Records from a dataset
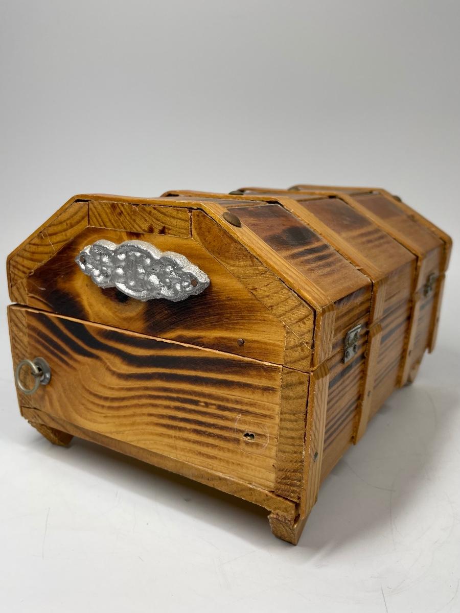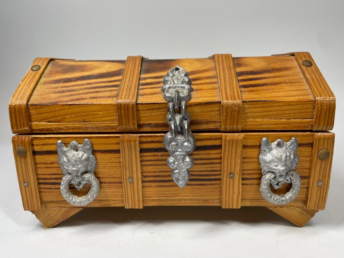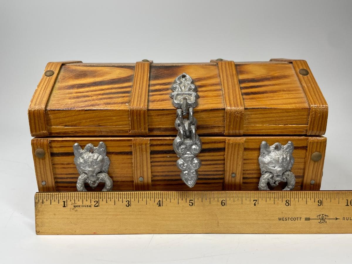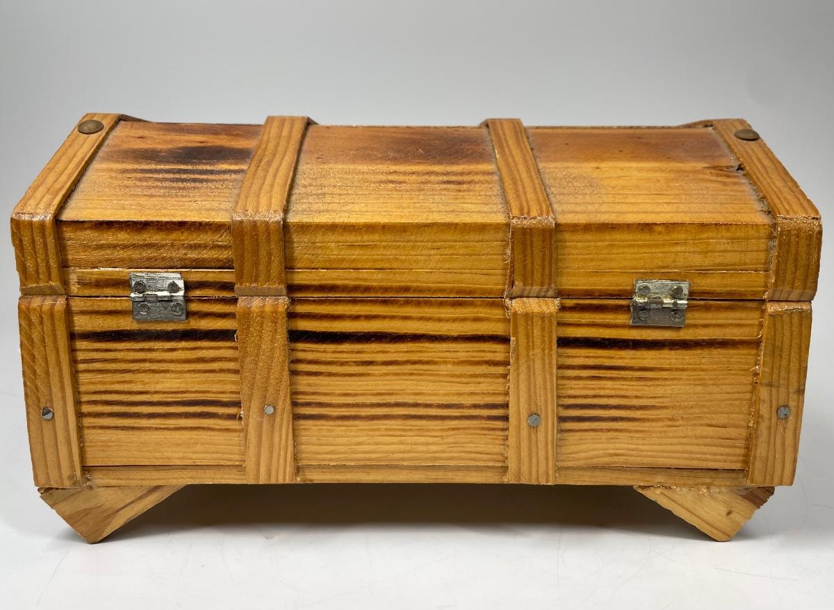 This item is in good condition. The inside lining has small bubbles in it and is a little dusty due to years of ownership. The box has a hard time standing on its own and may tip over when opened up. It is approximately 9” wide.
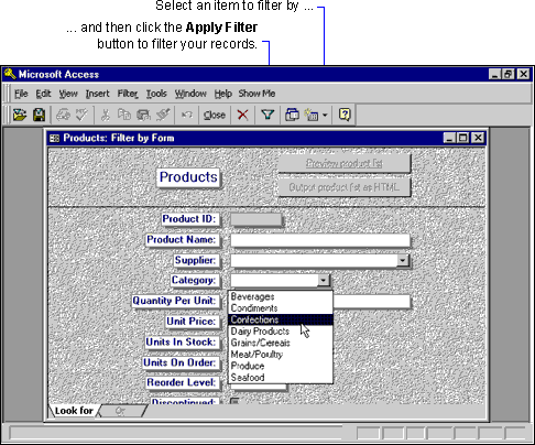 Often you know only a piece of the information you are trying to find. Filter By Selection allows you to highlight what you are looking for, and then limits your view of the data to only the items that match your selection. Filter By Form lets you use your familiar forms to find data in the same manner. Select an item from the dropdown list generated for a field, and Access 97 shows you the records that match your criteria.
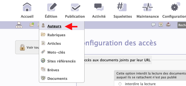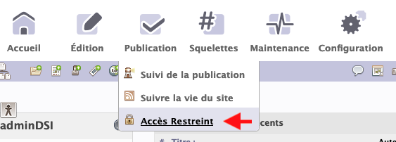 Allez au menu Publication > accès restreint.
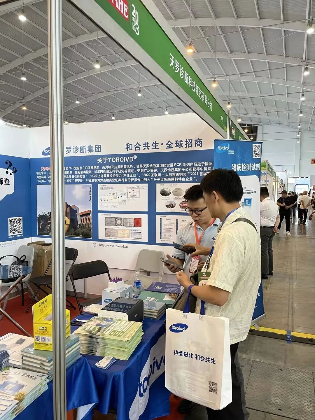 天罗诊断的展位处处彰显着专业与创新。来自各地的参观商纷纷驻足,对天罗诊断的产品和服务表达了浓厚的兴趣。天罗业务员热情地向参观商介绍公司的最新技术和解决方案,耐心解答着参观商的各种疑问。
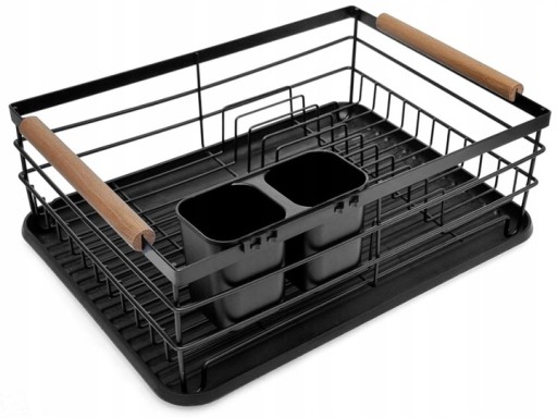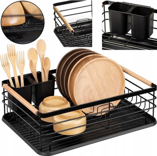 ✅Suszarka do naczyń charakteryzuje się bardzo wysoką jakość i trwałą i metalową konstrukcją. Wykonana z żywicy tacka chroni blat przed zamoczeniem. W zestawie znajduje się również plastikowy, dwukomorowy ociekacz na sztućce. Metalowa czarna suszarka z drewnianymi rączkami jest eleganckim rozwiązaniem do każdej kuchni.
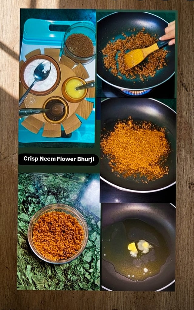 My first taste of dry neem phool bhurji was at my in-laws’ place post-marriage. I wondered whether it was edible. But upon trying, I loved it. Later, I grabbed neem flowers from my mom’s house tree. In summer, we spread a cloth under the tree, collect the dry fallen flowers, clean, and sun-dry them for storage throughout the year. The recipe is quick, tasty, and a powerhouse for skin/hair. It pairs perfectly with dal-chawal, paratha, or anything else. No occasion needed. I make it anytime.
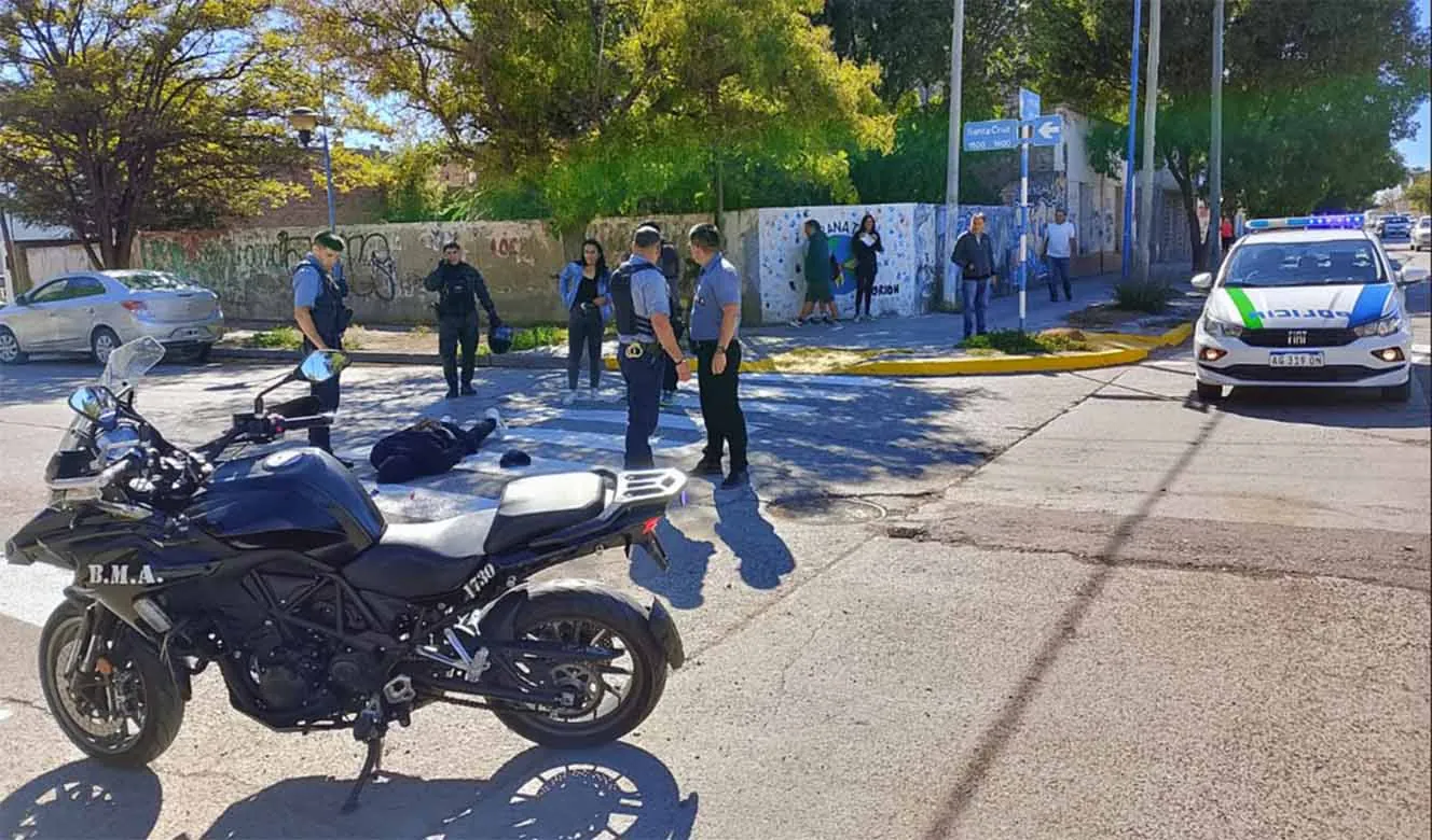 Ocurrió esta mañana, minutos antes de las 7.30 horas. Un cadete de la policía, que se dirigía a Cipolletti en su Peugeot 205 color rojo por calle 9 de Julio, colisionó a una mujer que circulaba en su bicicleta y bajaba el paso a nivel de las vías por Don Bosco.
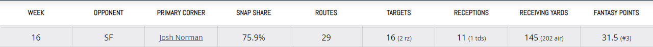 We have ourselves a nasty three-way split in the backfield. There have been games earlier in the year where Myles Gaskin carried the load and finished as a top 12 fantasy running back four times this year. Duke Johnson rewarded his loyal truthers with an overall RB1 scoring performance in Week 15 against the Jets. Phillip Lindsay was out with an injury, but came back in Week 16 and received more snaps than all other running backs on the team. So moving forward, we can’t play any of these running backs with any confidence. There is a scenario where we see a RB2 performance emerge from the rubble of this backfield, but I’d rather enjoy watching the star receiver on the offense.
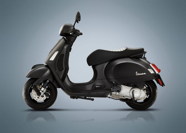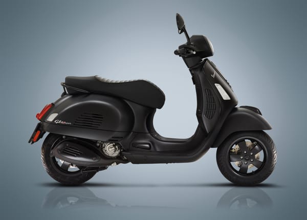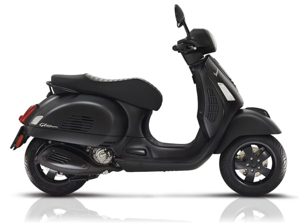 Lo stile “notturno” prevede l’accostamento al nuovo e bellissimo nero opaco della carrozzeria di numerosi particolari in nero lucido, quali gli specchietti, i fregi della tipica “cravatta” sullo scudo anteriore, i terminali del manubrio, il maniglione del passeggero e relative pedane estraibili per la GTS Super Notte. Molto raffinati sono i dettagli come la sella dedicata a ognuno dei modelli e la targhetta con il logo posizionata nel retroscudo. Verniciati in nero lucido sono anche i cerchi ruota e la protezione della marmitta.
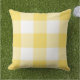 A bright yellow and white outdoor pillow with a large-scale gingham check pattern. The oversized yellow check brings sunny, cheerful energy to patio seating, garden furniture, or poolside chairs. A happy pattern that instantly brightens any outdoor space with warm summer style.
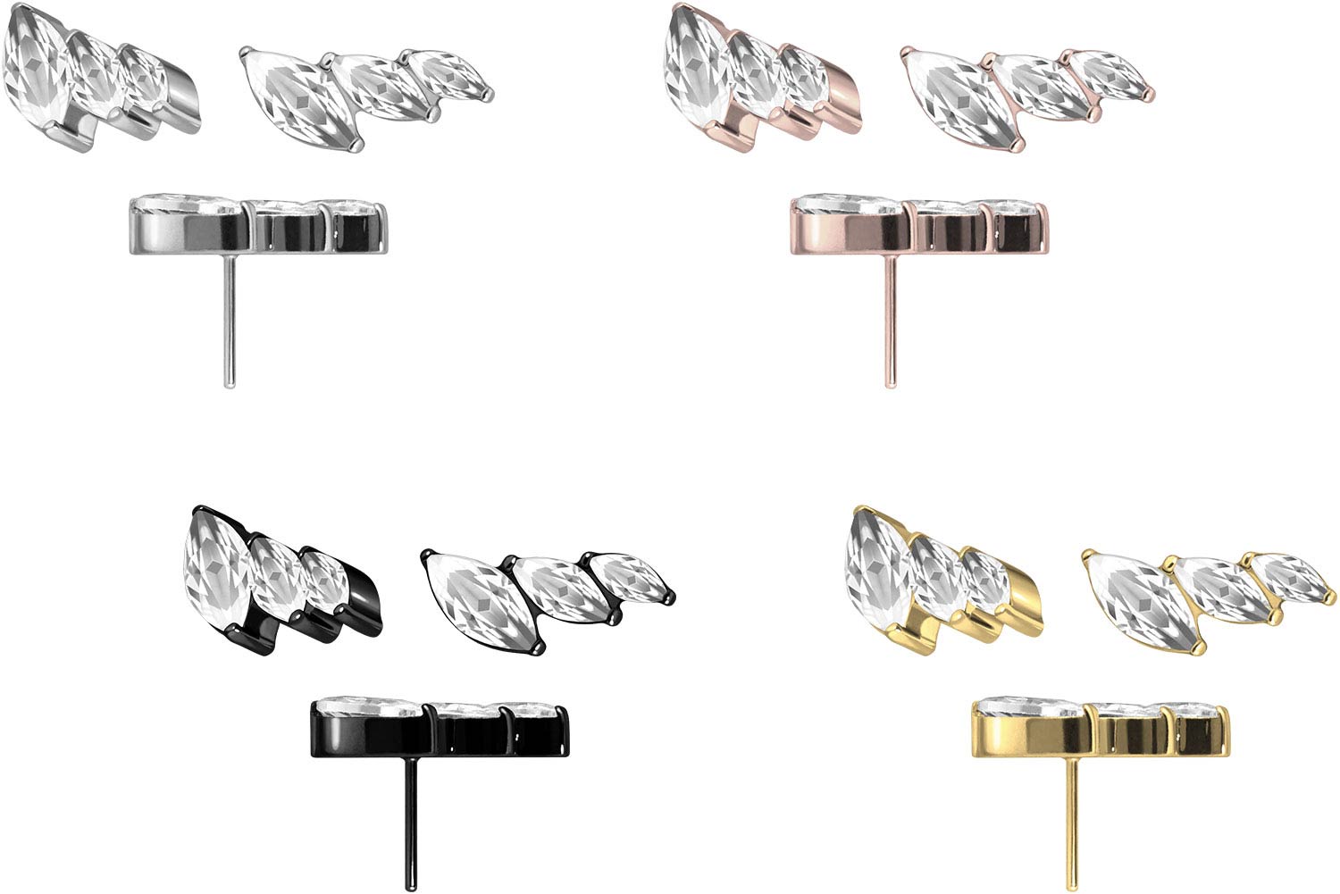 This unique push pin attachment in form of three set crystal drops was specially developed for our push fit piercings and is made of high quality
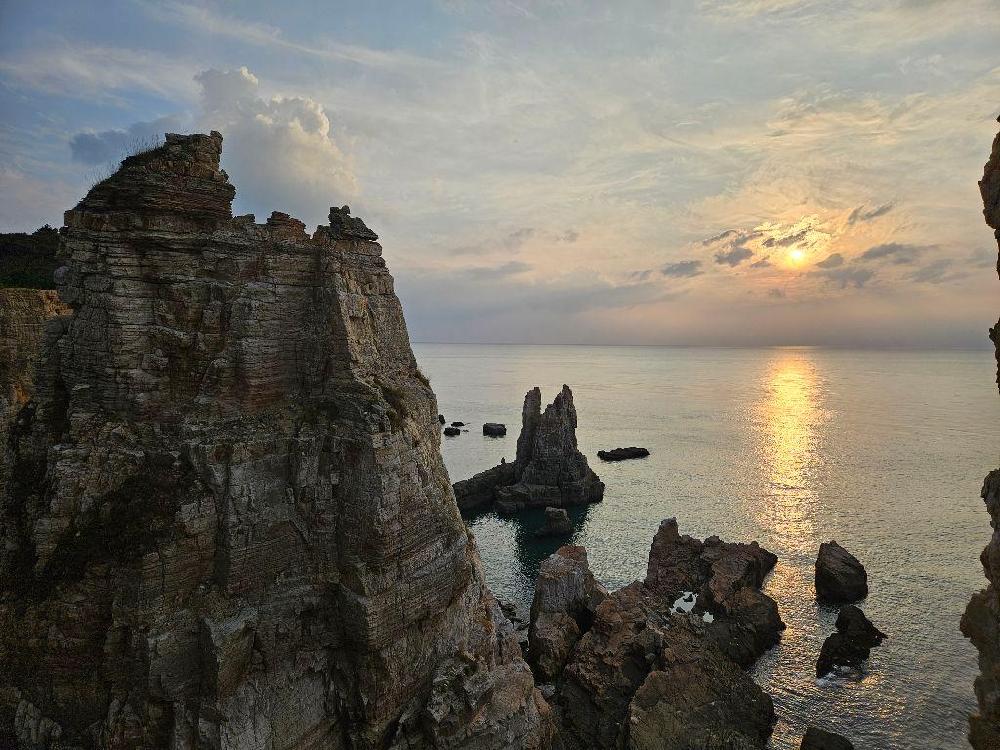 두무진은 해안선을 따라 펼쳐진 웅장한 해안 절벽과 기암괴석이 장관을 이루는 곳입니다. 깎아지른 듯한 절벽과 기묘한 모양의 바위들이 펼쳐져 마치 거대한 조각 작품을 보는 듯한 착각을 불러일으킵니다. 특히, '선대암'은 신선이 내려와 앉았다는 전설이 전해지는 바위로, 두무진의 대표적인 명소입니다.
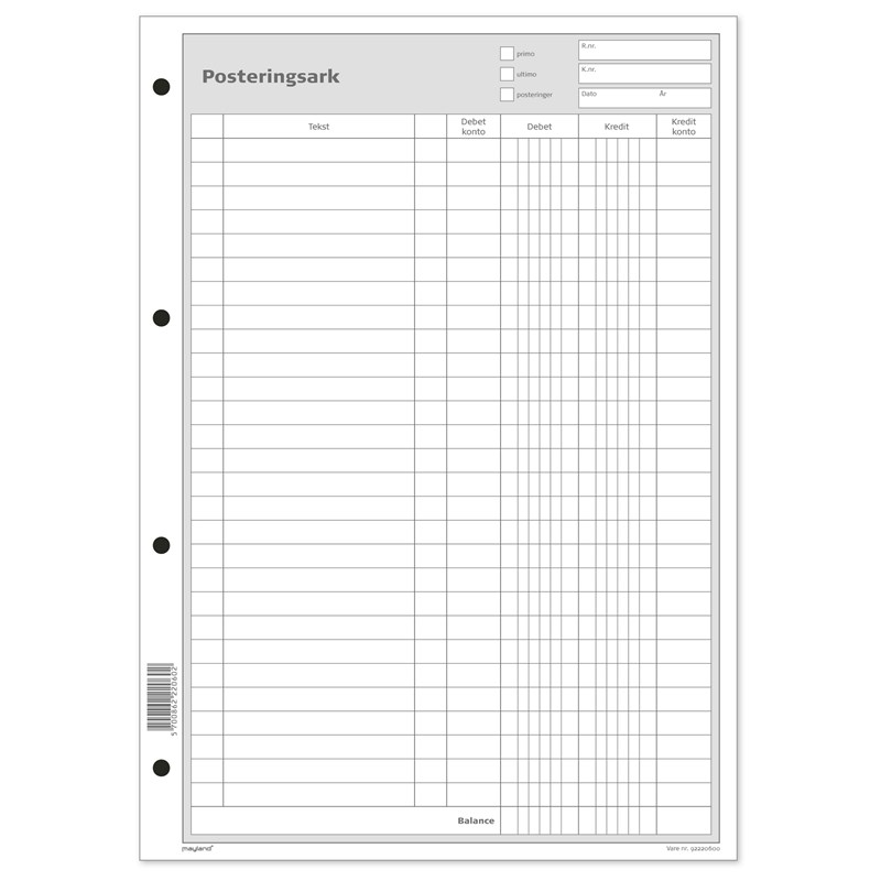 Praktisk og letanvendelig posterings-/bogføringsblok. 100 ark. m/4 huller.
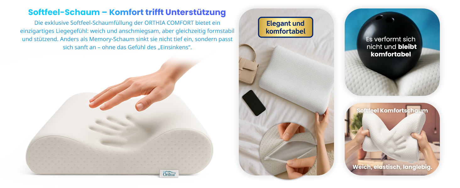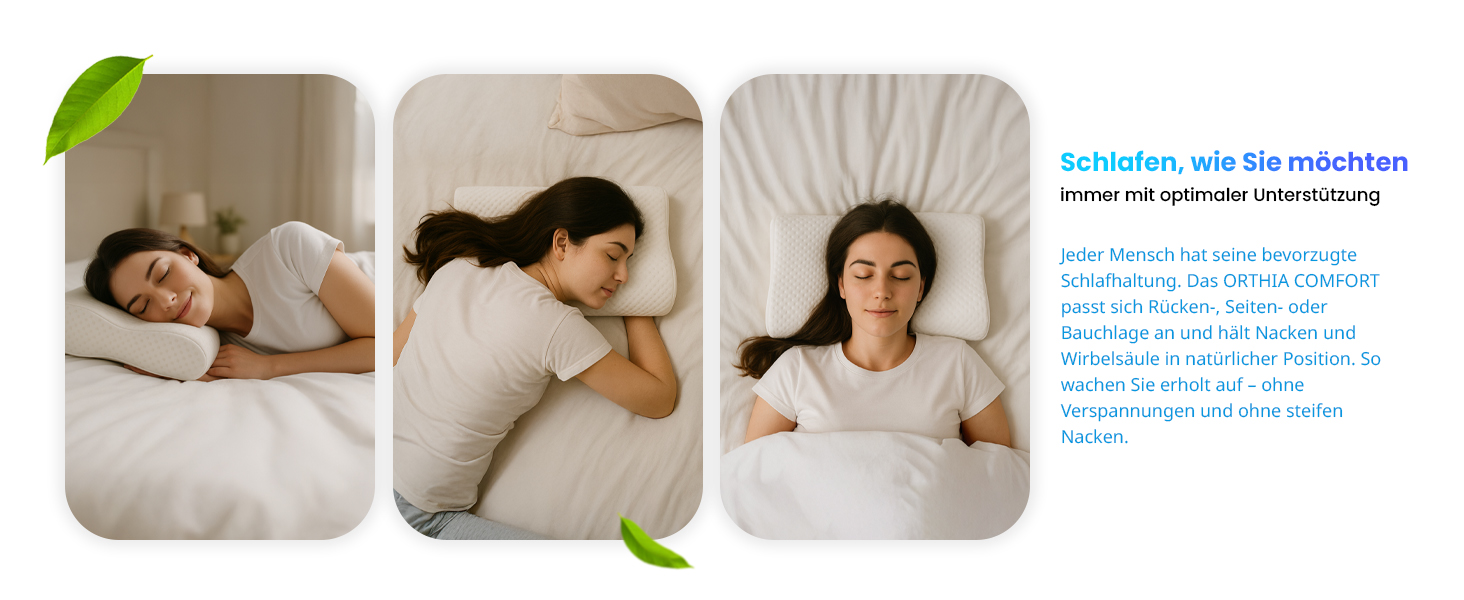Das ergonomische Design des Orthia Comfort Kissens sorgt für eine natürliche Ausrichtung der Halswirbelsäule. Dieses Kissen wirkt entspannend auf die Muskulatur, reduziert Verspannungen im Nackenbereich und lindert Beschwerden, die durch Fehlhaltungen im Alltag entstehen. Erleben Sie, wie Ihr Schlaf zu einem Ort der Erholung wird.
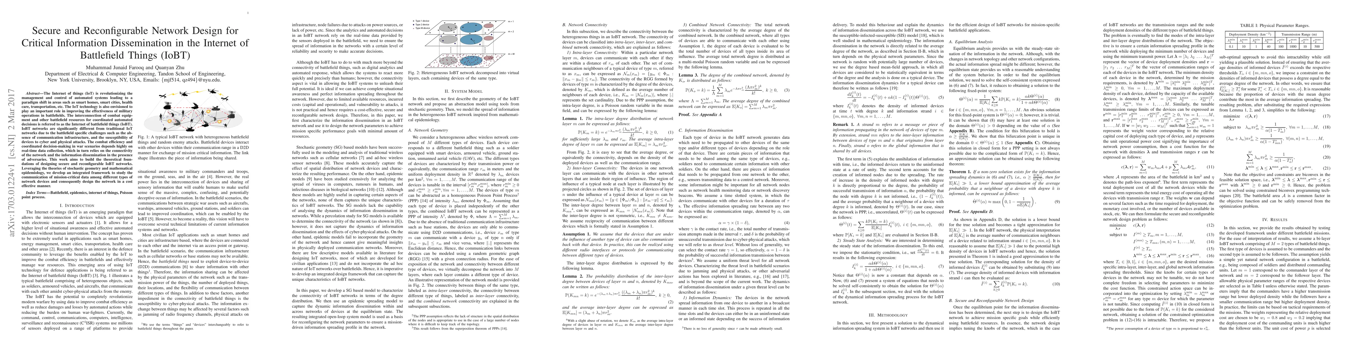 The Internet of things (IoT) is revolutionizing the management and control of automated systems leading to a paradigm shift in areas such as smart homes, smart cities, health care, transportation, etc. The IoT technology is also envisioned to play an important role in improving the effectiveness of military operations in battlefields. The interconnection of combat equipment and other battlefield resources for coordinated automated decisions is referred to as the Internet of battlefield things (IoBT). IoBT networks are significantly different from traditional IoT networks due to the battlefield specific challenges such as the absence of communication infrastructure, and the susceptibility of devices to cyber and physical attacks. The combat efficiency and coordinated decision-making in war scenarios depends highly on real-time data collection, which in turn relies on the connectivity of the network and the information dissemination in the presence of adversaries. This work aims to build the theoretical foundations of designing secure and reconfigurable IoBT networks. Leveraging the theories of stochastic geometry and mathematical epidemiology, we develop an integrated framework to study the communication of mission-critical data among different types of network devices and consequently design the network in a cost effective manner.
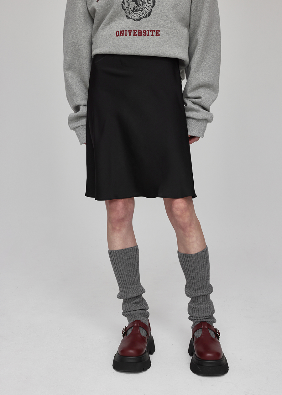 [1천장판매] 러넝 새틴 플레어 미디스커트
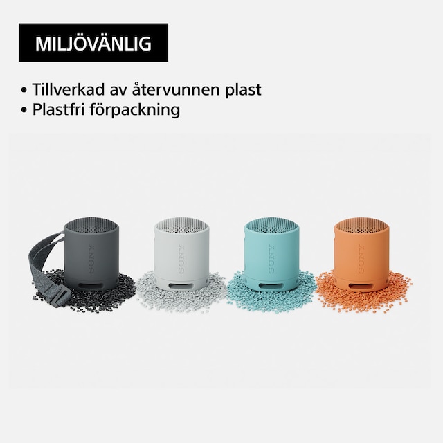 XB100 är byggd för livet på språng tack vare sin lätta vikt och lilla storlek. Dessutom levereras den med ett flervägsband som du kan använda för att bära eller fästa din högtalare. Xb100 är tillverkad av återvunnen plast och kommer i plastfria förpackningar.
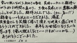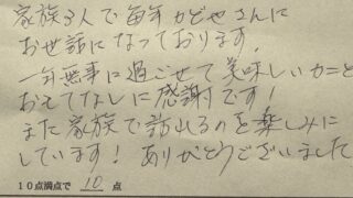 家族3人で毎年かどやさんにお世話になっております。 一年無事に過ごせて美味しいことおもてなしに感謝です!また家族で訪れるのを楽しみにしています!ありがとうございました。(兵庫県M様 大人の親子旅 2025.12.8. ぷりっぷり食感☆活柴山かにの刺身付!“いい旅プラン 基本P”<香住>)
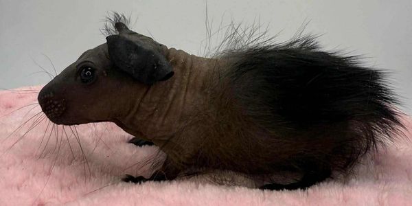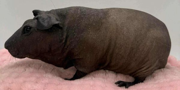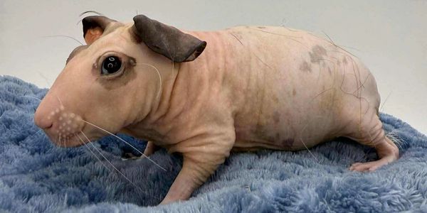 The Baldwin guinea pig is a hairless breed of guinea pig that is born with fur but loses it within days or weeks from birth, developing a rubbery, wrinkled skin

TASK OBJECTIVE: What to print is the stretch of entries from the line with "Praktisk og letanvendelig" up to and including the line with "Das ergonomische Design". Please print it exactly and leave out the pictures.

RESPONSE TO THIS EXERCISE:
 Praktisk og letanvendelig posterings-/bogføringsblok. 100 ark. m/4 huller.
Das ergonomische Design des Orthia Comfort Kissens sorgt für eine natürliche Ausrichtung der Halswirbelsäule. Dieses Kissen wirkt entspannend auf die Muskulatur, reduziert Verspannungen im Nackenbereich und lindert Beschwerden, die durch Fehlhaltungen im Alltag entstehen. Erleben Sie, wie Ihr Schlaf zu einem Ort der Erholung wird.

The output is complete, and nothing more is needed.